Lexikon: Value und Growth
Sogenannte Value-Unternehmen weisen meist eine gute Marktposition, überdurchschnittliche Profitabilität und eine stabile Gewinnentwicklung auf. Unter den Value-Aktien werden diejenigen, die gegenwärtig an der Börse (verglichen mit ähnlichen Unternehmen) unterbewertet scheinen, herausgefiltert. Der Value-Investor spekuliert also darauf, dass der Markt den Wert der Firma – aus welchem Grund auch immer – aktuell unterschätzt.
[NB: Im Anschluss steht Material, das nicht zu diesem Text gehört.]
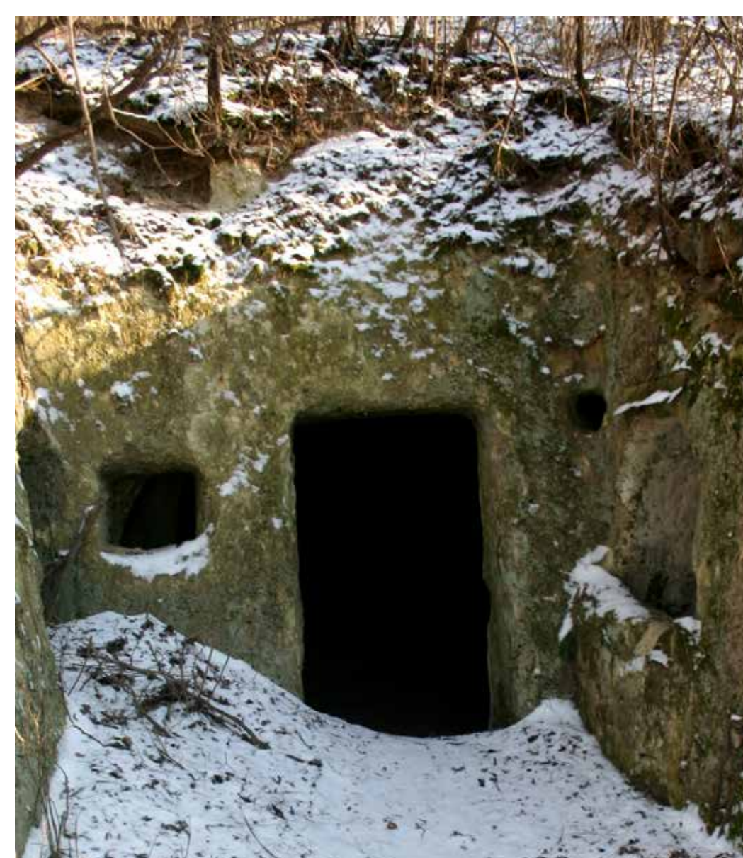
Sziklahelyiség a Mész-hegyen
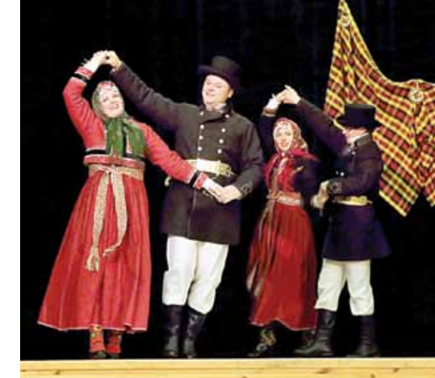
Alsungas vidējās paaudzes deju kolektīvs Suiti sevi rāda jaunajos tautas tērpos. Tie tapuši ar biedrības Suiti gādību un par programmas LEADER naudu.

rējām parādīt sava tērpa košumu, uzvelkot kaut ko citu, jo sievu tērpiem ir trīs veidu jaciņas. Līdz tam mums katrai bija tikai viena, vairumam – privātas. Tagad varam parādīt suitu bagātību. Tas ir ārkārtīgs ieguvums.” Ideja darināt tērpus radusies tāpēc, ka Latvijas simtgadē alsundznieki gribējuši rādīt etnogrāfisko uzvedumu Suitu kāzas .
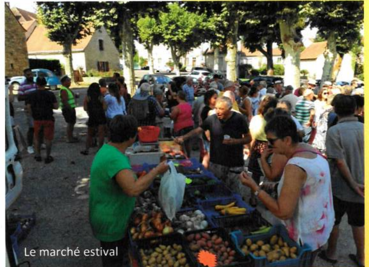
Le marché estival
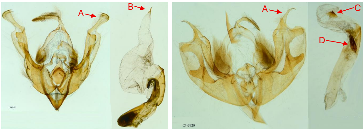
Figuur 5. Genitaliën mannetjes L. w-latinum (links; Wolfheze, 28.vi.2021. Leg. M. Franssen, col. C. Gielis), en L. thalassina (rechts; Gorssel, 15.vi.2002. Leg. en col. G. Tuinstra). Gen. prep. en foto's C. Gielis.

In de meeste gevallen zal de determinatie op basis van uiterlijke kenmerken plaats kunnen vinden. Bij afgevlagen exemplaren is wellicht onderzoek aan de genitaliën nodig voor een zekere determinatie. In figuur 5 worden de mannelijke genitaliën afgebeeld.
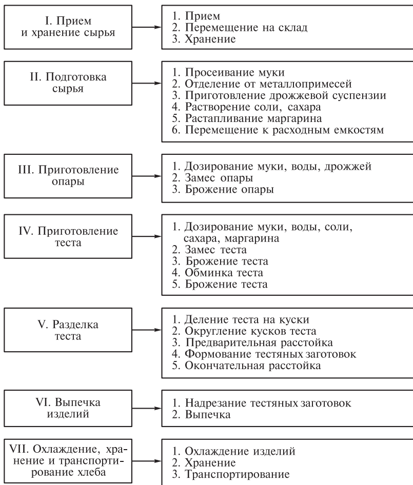
Рис. 1.1. Структурная схема технологического процесса производства хлебобулочных изделий

На складах тарного хранения муки (ТХМ) мешки с мукой помещают на деревянные стеллажи высотой от пола около 15 см. Мешки укладывают штабелями по 10... 12 рядов по высоте.
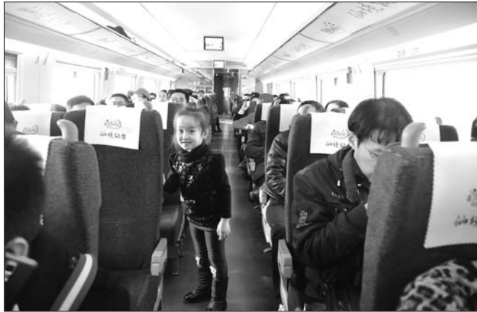
▲“我也来体验动车。”
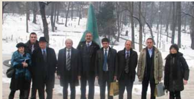
Delegacija iz Italije posjetila Spomenik ubijenoj djeci Sarajeva
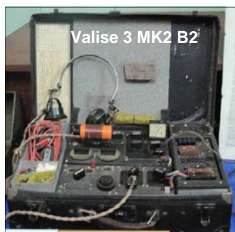
Valise 3 MK2 B2
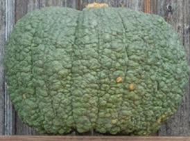
Buen Gusto de Horno
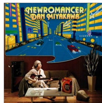
『NEWROMANCER』 (カッティング・エッジ)
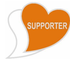
あいサポートバッジ

バッジのデザインは、障がいのある方を支える「心」を2つのハートを重ねることで表現しています。
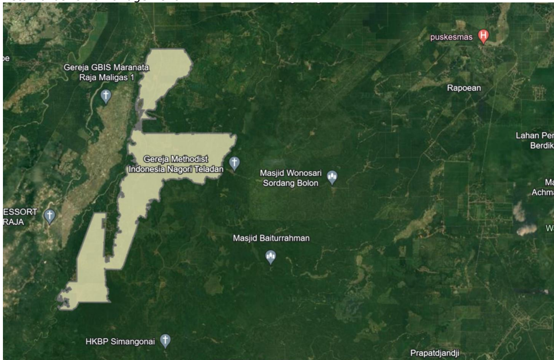
Peta Lokasi Mayang
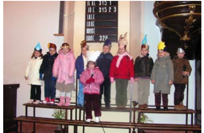
Az óvodás hittanosok karácsonyi műsora
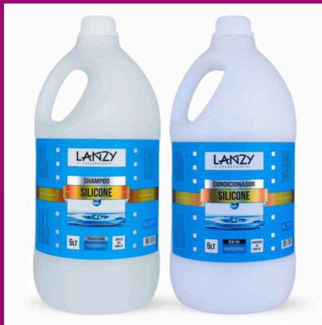
SILICONE (Possui sem sal)
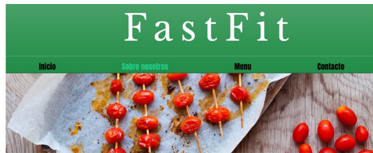
Imatge 2: Pestanya d'informació sobre el negoci i servei de la web FastFit
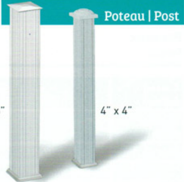
Poteau | Post
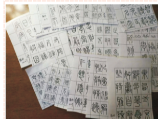
学员网上作业示例

Der Growth-Investor versucht hingegen, frühzeitig zukünftige Wachstumsmärkte zu erkennen und dann die Unternehmen mit der höchsten Wachstumsdynamik auszuwählen. Das sind oft die Firmen, die sich schon früh größere Anteile an einem boomenden Markt sichern konnten und von ihrer relativen Größe profitieren. Da der Growth-Investor versucht, Potenziale möglichst früh zu erkennen, beruhen seine Entscheidungen aber hauptsächlich auf Erwartungen – und weniger auf bereits bewährten Geschäftsmodellen wie bei Value-Titeln.